*** Input material ***

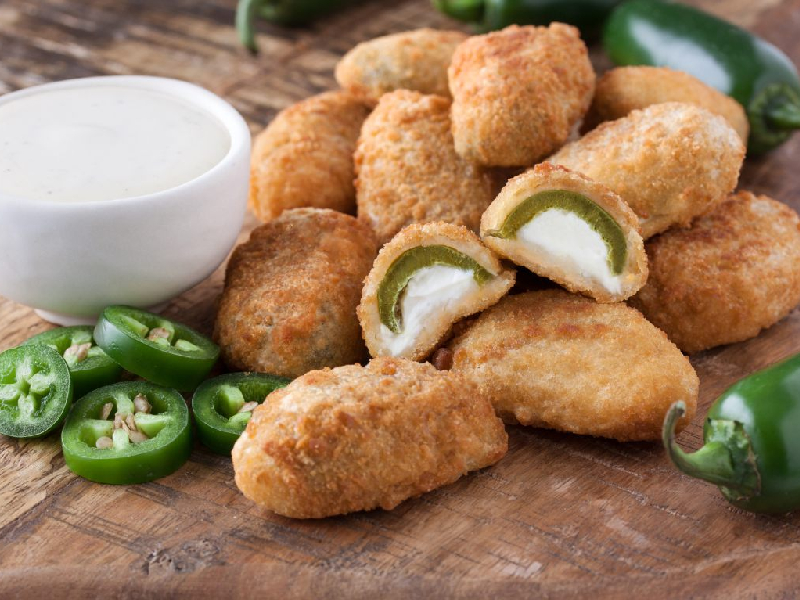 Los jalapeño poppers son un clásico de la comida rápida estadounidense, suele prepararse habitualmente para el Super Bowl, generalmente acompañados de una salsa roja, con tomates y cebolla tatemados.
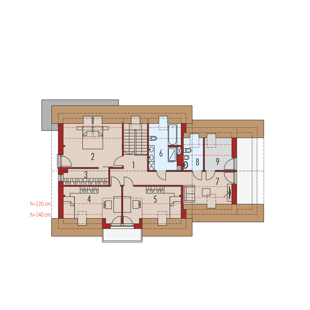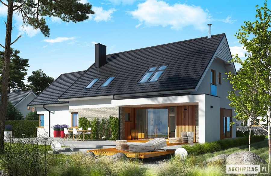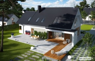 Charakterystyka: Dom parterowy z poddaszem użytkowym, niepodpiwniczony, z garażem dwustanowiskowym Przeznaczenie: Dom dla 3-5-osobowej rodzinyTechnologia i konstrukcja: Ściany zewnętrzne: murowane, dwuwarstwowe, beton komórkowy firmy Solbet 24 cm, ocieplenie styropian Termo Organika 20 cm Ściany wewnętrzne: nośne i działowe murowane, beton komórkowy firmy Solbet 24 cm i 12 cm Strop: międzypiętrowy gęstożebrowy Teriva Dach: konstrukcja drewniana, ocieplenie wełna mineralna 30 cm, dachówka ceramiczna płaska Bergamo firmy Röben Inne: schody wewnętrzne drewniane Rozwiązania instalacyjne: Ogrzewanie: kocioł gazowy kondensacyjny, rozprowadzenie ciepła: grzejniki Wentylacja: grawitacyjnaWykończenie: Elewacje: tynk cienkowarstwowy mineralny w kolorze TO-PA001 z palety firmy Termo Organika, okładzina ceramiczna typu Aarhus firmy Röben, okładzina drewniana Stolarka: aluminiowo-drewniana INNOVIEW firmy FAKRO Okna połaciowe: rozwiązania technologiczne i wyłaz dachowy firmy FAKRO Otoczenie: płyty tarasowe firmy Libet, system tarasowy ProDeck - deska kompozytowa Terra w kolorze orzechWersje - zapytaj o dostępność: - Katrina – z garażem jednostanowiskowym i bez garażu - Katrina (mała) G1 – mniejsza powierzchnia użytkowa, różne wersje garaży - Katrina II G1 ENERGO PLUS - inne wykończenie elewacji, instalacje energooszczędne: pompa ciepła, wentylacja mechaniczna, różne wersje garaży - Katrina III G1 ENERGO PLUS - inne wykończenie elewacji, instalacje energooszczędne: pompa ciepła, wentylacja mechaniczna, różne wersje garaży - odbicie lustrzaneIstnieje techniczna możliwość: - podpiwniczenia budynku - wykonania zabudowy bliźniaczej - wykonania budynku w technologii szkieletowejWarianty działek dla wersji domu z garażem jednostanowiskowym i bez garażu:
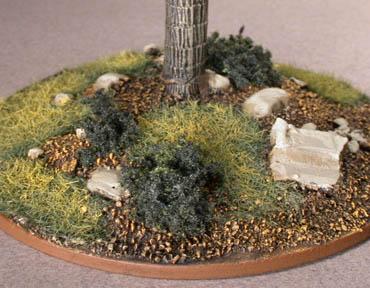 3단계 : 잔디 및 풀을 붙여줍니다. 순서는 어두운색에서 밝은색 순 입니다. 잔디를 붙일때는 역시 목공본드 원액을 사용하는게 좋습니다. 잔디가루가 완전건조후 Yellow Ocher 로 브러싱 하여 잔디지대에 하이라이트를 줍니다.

***
*** Input material ***

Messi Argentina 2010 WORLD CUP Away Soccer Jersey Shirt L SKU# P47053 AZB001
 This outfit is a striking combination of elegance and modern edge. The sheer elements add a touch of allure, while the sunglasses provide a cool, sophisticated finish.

***
*** Input material ***

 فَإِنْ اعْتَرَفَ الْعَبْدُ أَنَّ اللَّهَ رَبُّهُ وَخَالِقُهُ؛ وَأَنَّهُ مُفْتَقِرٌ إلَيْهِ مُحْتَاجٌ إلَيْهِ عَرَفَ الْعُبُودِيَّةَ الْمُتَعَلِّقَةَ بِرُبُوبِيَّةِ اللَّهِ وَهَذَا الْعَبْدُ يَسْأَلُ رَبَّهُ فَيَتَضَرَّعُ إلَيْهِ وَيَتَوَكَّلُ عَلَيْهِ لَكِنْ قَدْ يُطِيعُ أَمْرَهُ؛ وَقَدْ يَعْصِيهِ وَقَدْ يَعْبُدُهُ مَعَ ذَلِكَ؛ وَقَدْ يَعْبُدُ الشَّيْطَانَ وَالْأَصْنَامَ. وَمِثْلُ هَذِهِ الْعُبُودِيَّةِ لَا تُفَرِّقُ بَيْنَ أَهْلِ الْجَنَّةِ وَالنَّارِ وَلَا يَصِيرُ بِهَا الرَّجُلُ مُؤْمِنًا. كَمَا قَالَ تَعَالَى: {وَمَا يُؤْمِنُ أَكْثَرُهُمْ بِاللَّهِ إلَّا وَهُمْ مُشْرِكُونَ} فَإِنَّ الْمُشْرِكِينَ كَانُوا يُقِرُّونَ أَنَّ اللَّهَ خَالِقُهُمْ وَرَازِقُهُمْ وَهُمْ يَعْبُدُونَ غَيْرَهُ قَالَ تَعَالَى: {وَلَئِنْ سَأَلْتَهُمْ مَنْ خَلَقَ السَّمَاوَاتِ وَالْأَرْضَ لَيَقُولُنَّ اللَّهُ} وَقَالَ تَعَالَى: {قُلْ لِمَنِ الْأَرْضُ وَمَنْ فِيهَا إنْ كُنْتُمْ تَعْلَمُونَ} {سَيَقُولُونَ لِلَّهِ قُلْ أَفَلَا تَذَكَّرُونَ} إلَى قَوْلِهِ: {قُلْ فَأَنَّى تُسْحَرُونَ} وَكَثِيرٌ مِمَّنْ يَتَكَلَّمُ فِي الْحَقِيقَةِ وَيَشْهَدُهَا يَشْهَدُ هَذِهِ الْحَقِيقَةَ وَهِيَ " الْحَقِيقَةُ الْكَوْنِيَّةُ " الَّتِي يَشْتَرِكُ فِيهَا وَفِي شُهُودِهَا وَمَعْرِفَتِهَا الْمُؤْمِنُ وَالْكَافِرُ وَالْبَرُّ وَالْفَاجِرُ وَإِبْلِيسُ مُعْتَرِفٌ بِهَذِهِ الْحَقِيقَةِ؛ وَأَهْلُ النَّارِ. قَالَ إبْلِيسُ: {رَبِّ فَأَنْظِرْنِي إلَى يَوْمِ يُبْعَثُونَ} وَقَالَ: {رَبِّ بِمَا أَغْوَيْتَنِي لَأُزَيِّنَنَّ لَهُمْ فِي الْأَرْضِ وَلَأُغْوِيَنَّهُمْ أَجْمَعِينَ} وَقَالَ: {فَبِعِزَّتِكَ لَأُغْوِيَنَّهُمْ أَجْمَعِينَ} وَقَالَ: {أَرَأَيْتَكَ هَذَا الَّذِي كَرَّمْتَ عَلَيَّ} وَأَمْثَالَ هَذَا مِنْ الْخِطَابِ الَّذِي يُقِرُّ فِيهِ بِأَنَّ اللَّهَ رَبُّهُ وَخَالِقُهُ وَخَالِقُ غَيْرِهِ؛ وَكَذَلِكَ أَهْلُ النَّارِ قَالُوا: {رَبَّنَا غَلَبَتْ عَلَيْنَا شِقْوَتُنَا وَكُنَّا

***

_Assignment_
Reproduce exactly, and only, the part of the listing above that begins at the line with "Messi Argentina 2010" and goes on through the line with "This outfit is".

_Answer for the task_
Messi Argentina 2010 WORLD CUP Away Soccer Jersey Shirt L SKU# P47053 AZB001
 This outfit is a striking combination of elegance and modern edge. The sheer elements add a touch of allure, while the sunglasses provide a cool, sophisticated finish.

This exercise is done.